Instructions to follow>
Beginning at the line that contains "工会在艺术大楼318举办传统", reproduce the entries below exactly, ending with the line that contains "Featuring intricate logo". Omit each picture.

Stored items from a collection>
******

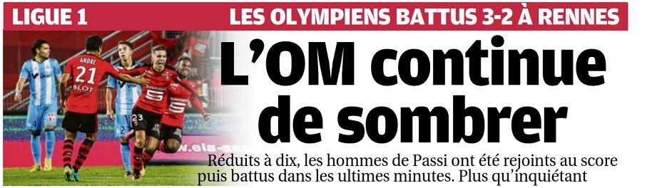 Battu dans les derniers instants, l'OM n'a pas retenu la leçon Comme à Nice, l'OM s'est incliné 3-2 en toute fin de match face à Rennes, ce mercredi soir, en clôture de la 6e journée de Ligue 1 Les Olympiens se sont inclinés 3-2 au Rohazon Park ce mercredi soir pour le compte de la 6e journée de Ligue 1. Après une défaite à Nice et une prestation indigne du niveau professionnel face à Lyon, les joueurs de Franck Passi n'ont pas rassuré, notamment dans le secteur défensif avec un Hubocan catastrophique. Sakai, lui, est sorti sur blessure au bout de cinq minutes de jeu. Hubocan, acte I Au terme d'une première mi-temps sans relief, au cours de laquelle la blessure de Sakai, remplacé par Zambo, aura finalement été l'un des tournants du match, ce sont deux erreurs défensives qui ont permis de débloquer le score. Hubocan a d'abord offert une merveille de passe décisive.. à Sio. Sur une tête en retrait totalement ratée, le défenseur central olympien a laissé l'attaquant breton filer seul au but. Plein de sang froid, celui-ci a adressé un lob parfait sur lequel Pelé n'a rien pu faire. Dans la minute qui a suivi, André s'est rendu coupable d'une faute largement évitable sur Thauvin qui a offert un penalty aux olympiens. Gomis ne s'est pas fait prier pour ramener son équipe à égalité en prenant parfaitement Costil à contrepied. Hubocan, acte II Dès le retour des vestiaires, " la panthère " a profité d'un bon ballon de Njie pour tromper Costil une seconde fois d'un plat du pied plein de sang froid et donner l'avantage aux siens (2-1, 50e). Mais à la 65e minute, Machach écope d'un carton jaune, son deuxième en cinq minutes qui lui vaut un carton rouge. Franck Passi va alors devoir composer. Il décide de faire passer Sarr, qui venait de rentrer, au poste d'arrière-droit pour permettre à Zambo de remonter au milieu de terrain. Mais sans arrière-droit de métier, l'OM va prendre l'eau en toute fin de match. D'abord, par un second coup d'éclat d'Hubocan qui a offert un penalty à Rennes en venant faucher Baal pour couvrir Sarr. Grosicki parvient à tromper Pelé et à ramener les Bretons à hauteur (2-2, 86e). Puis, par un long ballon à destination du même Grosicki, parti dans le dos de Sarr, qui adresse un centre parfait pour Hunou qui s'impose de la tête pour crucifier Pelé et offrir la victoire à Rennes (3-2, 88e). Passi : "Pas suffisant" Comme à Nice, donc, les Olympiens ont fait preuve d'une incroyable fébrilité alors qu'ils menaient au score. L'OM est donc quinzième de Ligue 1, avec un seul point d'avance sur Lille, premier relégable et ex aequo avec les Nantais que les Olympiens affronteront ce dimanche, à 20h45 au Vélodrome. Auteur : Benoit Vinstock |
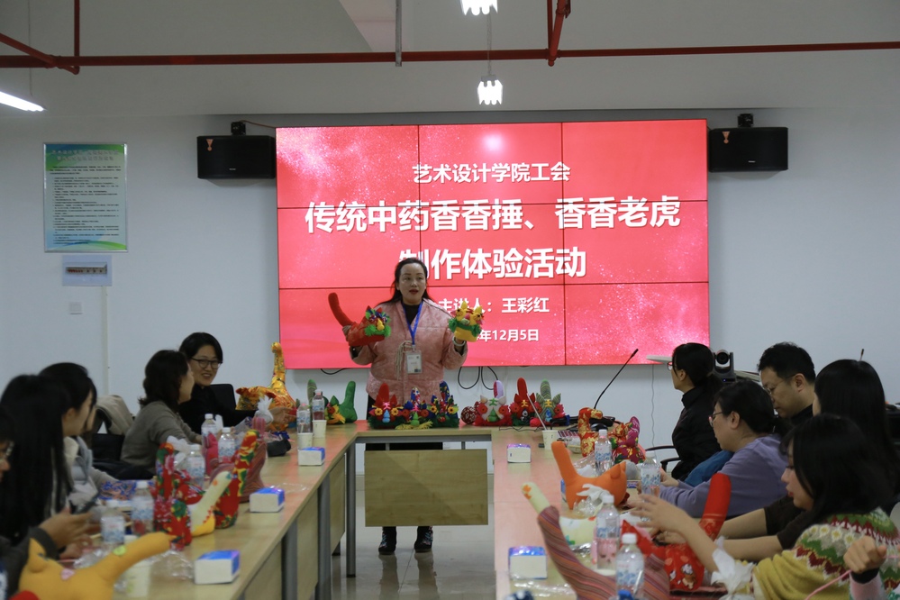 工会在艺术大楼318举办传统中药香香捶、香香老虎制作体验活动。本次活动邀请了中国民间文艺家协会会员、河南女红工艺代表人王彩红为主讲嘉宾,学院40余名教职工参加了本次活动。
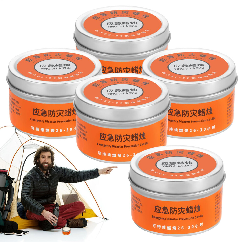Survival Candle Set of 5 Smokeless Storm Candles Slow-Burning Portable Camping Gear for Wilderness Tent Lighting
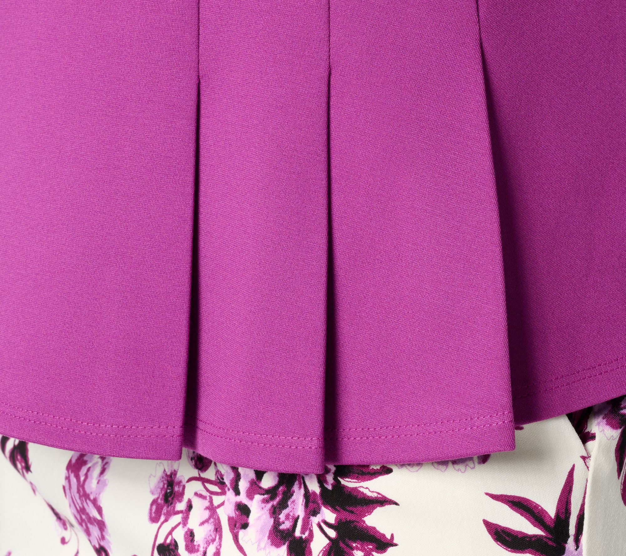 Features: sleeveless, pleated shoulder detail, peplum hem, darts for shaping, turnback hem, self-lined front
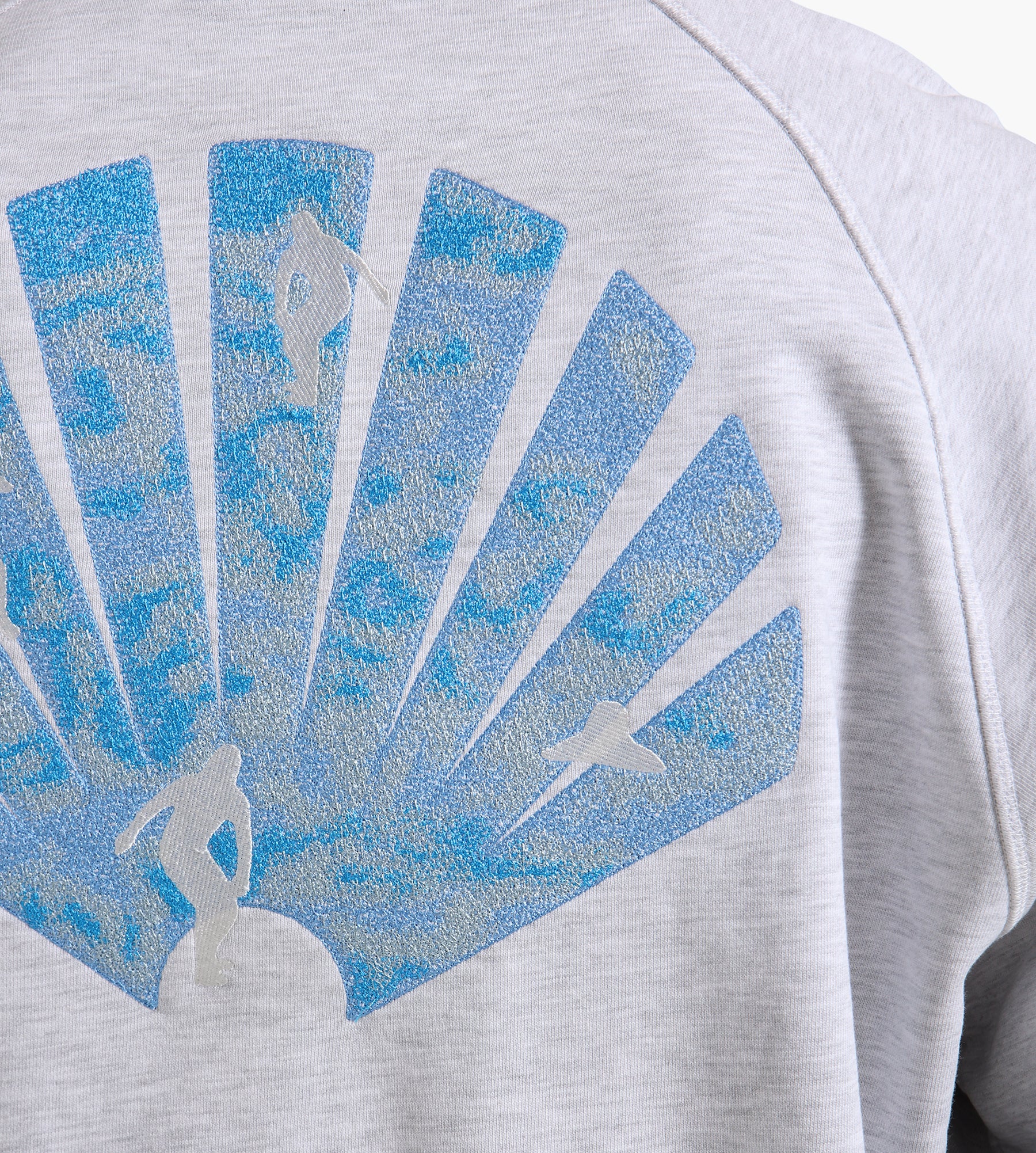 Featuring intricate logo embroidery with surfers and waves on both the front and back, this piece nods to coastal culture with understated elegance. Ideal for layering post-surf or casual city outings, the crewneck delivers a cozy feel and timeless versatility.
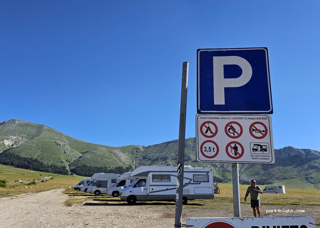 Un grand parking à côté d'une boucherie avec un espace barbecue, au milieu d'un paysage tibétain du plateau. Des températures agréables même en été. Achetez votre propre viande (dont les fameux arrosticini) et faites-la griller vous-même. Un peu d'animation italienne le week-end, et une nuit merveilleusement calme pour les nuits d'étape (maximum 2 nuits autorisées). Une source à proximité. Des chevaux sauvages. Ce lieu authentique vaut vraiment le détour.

******

Result of the task>
 工会在艺术大楼318举办传统中药香香捶、香香老虎制作体验活动。本次活动邀请了中国民间文艺家协会会员、河南女红工艺代表人王彩红为主讲嘉宾,学院40余名教职工参加了本次活动。
Survival Candle Set of 5 Smokeless Storm Candles Slow-Burning Portable Camping Gear for Wilderness Tent Lighting
 Features: sleeveless, pleated shoulder detail, peplum hem, darts for shaping, turnback hem, self-lined front
 Featuring intricate logo embroidery with surfers and waves on both the front and back, this piece nods to coastal culture with understated elegance. Ideal for layering post-surf or casual city outings, the crewneck delivers a cozy feel and timeless versatility.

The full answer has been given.